Can you see why I like him? No? Well, I do. His downbeat approach makes me feel positively blithe and reckless in comparison. I don't particularly want a doctor who radiates positivity.  REs are in the business of selling an expensive, invasive procedure that doesn't work more often than it does.  A little bit of negativity feels like honesty to me.

I start pills tonight.
 
 
Current Mood: fertile
 
 
highwayttc
13 February 2008 @ 10:54 am
Well, my marathon 41 day cycle finally came to a close. This means that, like Portnoy, vee finally may perhaps to begin, yes?

Tomorrow I get my Day 3 bloodwork (for the innocent: a few hormone tests that are used to -- sometimes inaccurately -- estimate just how tough this project is going to be.) I am terrified. If my FSH is high then that's bad and an indication of diminished ovarian reserve, which has a grim prognosis. If my estradiol is high then it has artificially lowered my FSH, see previous sentence. Alternately, I may have an ovarian cyst. If my LH level is low then it could indicate diminished ovarian reserve; if it's high it may indicate polycystic ovarian syndrome (of which I already have some signs -- it's not too bad a thing to have, though).
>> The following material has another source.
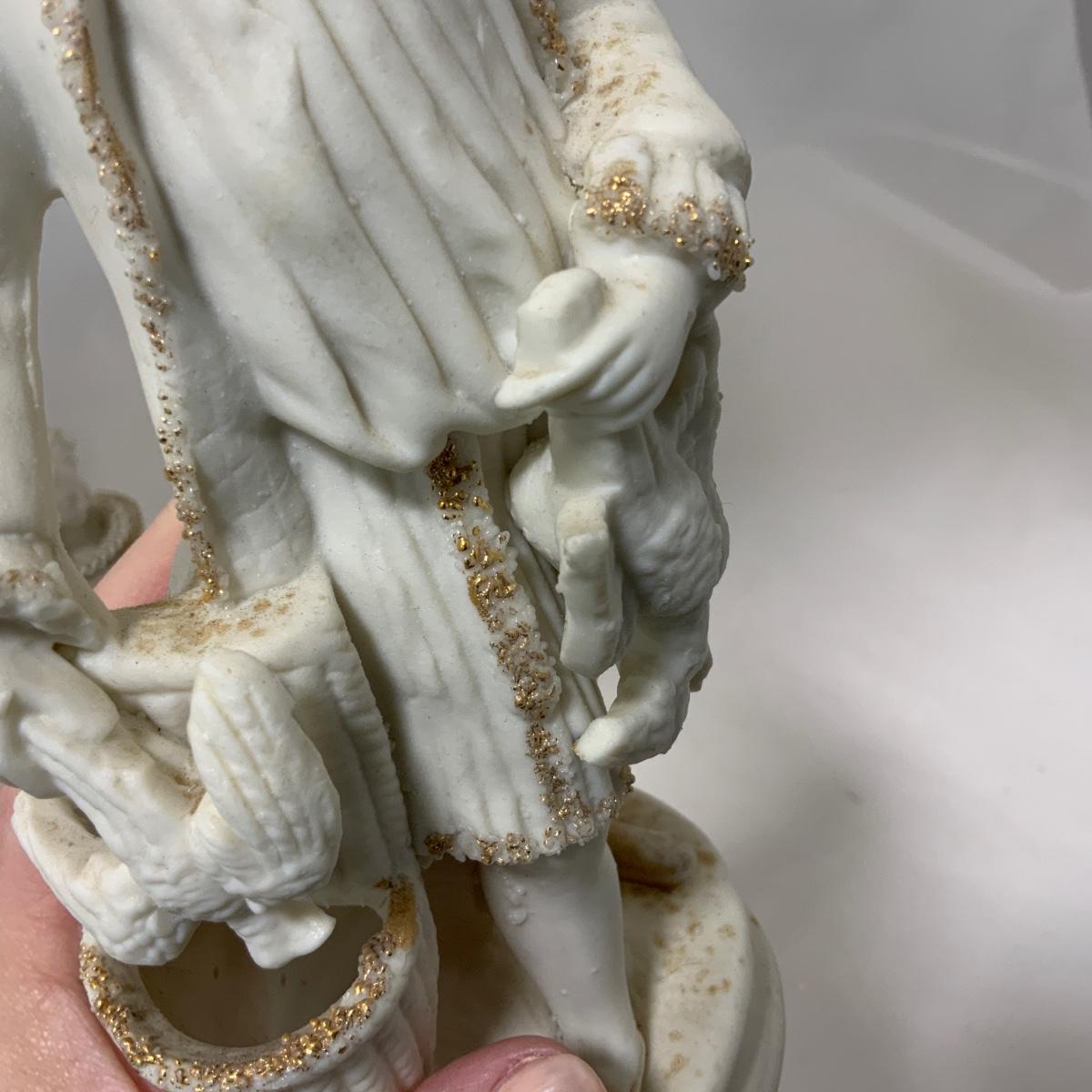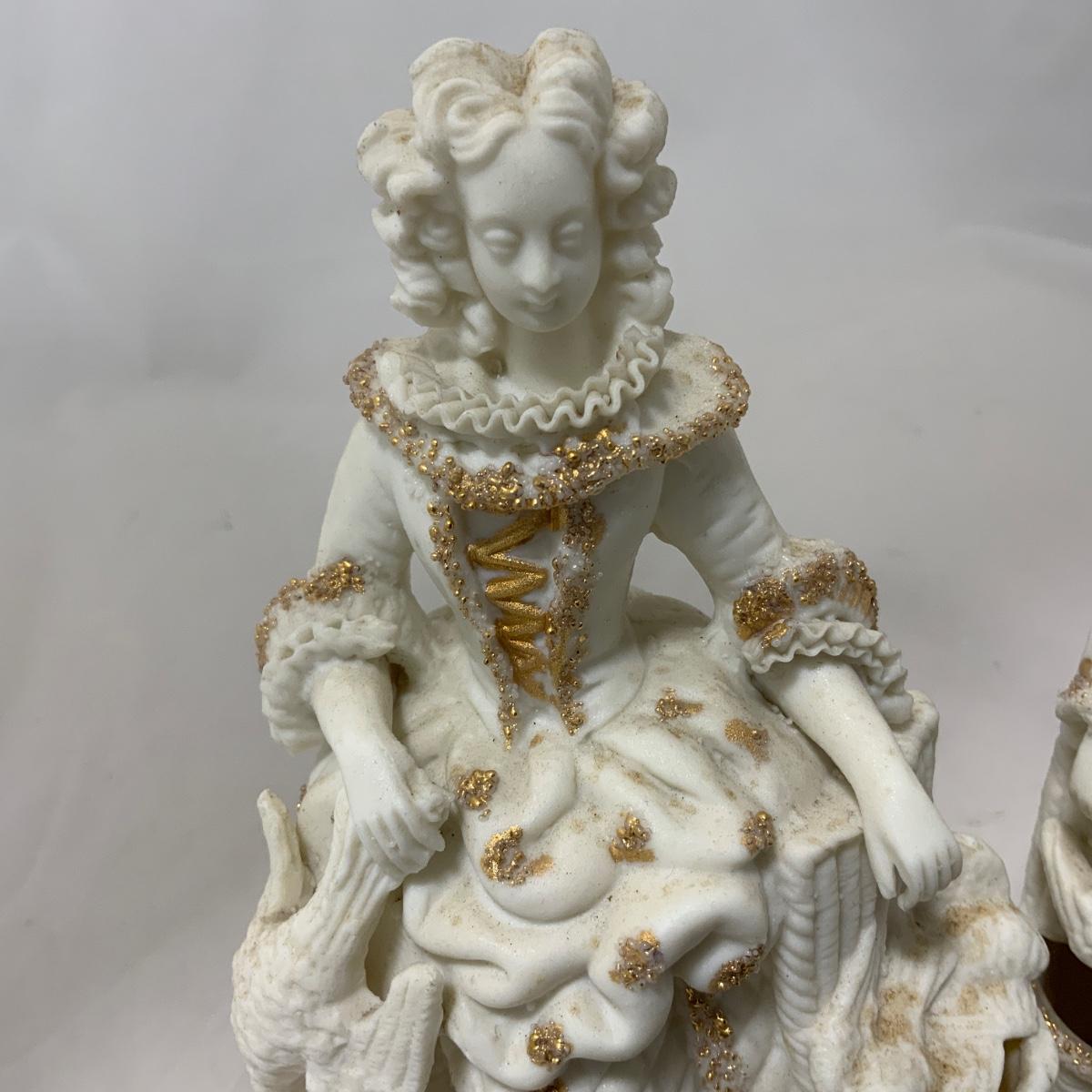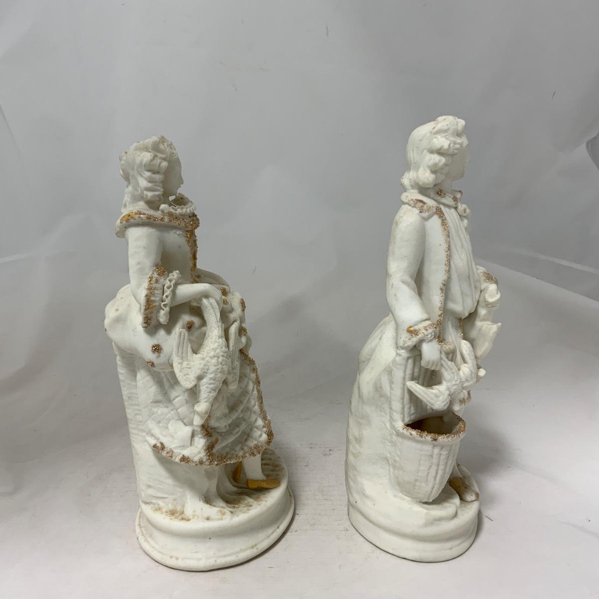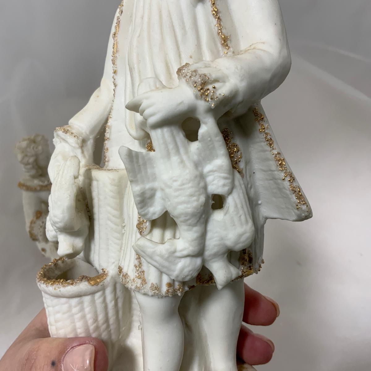 Beautiful pair of Parisian Figures with Gold Detailing, circa 1850. They both look very proud of their pheasants. I cannot tell wether or not his has lost a bit of a wing or not. It looks shorter, but seems to match the other side as well. Use your best judgement. Please see photos for details and condition. ::: Shipping is NOT available on this lot. If you have any questions regarding this lot please contact the auctioneer either via this website, by direct email or by phone. PICK UP TIMES and other important information can be found in the TERMS and DESCRIPTION of the auction. Please take a look for pertinent information. Thanks!

Infectious disease testing is done from the same blood draw, including hepatitis and HIV. I am also terrified of these, which is completely irrational. I have been in a monogamous relationship for 10 years. My sole risk factor would be that 8 months of exposure to KD's semen. If I hadn't felt I could trust him not to endanger me I wouldn't have gone ahead with him as a donor. But. But. I'm terrified anyway.

After I get my blood tested tomorrow, I will take my first birth control pill. Like every single woman who has trod the long downregulation IVF path before me, gay and straight, I will have a good chuckle at this.

I should get the results by the end of the day, or the day after. I will heave a sigh of relief, or not.

My whole life I have been frightened of having fertility problems. This is not significant. I am a worrier, and my whole life I have been frightened of car crashes, cancer, choking, falling, being wrongly convicted of a crime, having all my teeth fall out, going blind, mass transportation accidents, and a thousand other things that have never happened and kinehorah never will.

So think good-number thoughts for me. Low FSH, low estradiol, LH the same as my (oh-so-low) FSH.

And then? Vee begin.
 
 
Current Mood: urp
 
 
highwayttc
27 January 2008 @ 06:41 pm
Good news: I finally ovulated!

Bad news: I ovulated 2000 miles from the tank of sperm. Thus I am rating my chances of pregnancy this cycle as "very low indeed".

Whatever. I keep telling myself that there's an 80-85% chance that the only effect of skipping this month's insem was to save us $1300. The odds are freaking depressing when you look at it that way.  It's one thing if you have a known donor (or husband, for that matter) and every spin of the wheel is free. It's an entirely different thing when it costs so very much for such a slim chance.

I am really looking forward to playing a game with better odds.

Did I mention that I'm in Las Vegas? Love this glittery town. I put a dollar in a slot machine and ended up with $2.50. See, Vegas loves me, too.
 
 
highwayttc
23 January 2008 @ 12:43 pm
In November I had a 38-day cycle; looks like I'm going to rival that this month -- CD22, estrogen low, progesterone low (so I haven't ovulated), LH low. Nothing to see up there but a crop of scrubby little follicles.  Chances are excellent that I won't ovulate by Friday. This is relevant because Friday is the last chance to inseminate before we head off to Vegas for a long-awaited vacation.  Can't feel too sorry for myself about that, but it means that this cycle will automatically be a bust.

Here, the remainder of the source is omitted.